# Thinking of buying a 240 have some ?'s can you help



## Chillinnkalli (Jul 17, 2004)

Wusup. Im thinking of buying a 1995 240sx. I was wondering how much horsepower they have. How many pounds of Torque. I know it has a twin cam motor. Is that the fastest one they produce stock for the us. any other comments or facts you know would help. I had a 1995 eclipse gst and it was kinda quick. Does anyone know what 1/25 mile time they run stock everything would help in my decision thank you
also do you know any good links for performance parts and forums etc..thanks again


----------



## Waste Land (Jul 4, 2004)

Chillinnkalli said:


> Wusup. Im thinking of buying a 1995 240sx. I was wondering how much horsepower they have. How many pounds of Torque. I know it has a twin cam motor. Is that the fastest one they produce stock for the us. any other comments or facts you know would help. I had a 1995 eclipse gst and it was kinda quick. Does anyone know what 1/25 mile time they run stock everything would help in my decision thank you
> also do you know any good links for performance parts and forums etc..thanks again


Hey, welcome to the forums.

Heres some information I found that might help you out.

Engine : 4-cylinder, DOHC, front engine RWD 
Displacement : 2,393 cc 
Valve : 16 valves, 4 valves per cylinder 
Transmission : 5-spd manual, 4-spd automatic 
Fuel economy : city - 22 mpg (manual), 21 mpg (auto) highway - 28 mpg (manual), 27 mpg (auto) 
Horsepower : 155 hp @ 5600 rpm 
Torque : 158 lb-ft @ 4400 rpm 
0-60 mph : 8.0 sec. 
Curb Weight : 2800-2920 lbs 
Height : 50.8 in. 
Overall length : 177.2 in. 
Wheelbase : 99.4 in. 
Overall Width : 68.1 in. 

We all know that car makers usually rate the HP and TQ and the fly wheel or crank and not so much at the wheels. So dtermine some drice train, and traction loss and you'll have what it gets at the ground.

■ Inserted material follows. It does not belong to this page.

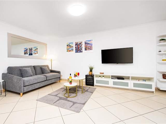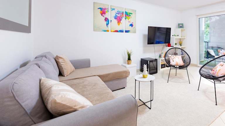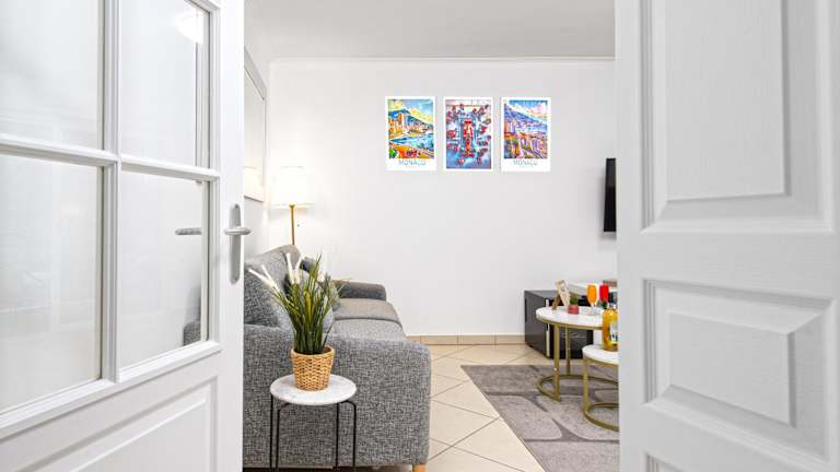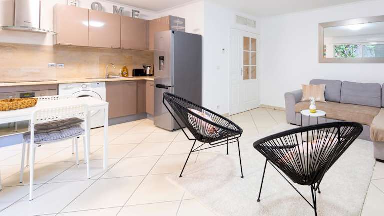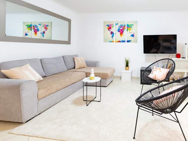 Die Ferienwohnung besteht aus einem Schlafzimmer und verfügt über eine voll ausgestattete Küche mit Kühlschrank und Geschirrspüler. Ausgestattet ist sie zudem mit einem Flachbild-TV, einem Sitzbereich und einem Badezimmer mit Badewanne. Handtücher und Bettwäsche werden bereitgestellt.

I'm not sure about 1/25 mile time........ummmmm I've never even heard of it, I may have just may have been in meters or something. The shortest track I've ever ran in a car period was 1/8th. Anyway maybe some of the better know epople around here can help ya out.


----------



## timpryor (Jul 28, 2004)

Waste Land said:


> I'm not sure about 1/25 mile time........ummmmm I've never even heard of it, I may have just may have been in meters or something. The shortest track I've ever ran in a car period was 1/8th. Anyway maybe some of the better know epople around here can help ya out.


i think he meant 1/4 as in .25 it might have been a typo im curious for the 1/4 mile times on a stock 5spd.


----------



## Vip (Jul 26, 2004)

Isn't it something like high 15 low 16's? It may be more I'm not sure, I just remember hearing that said somewhere.


----------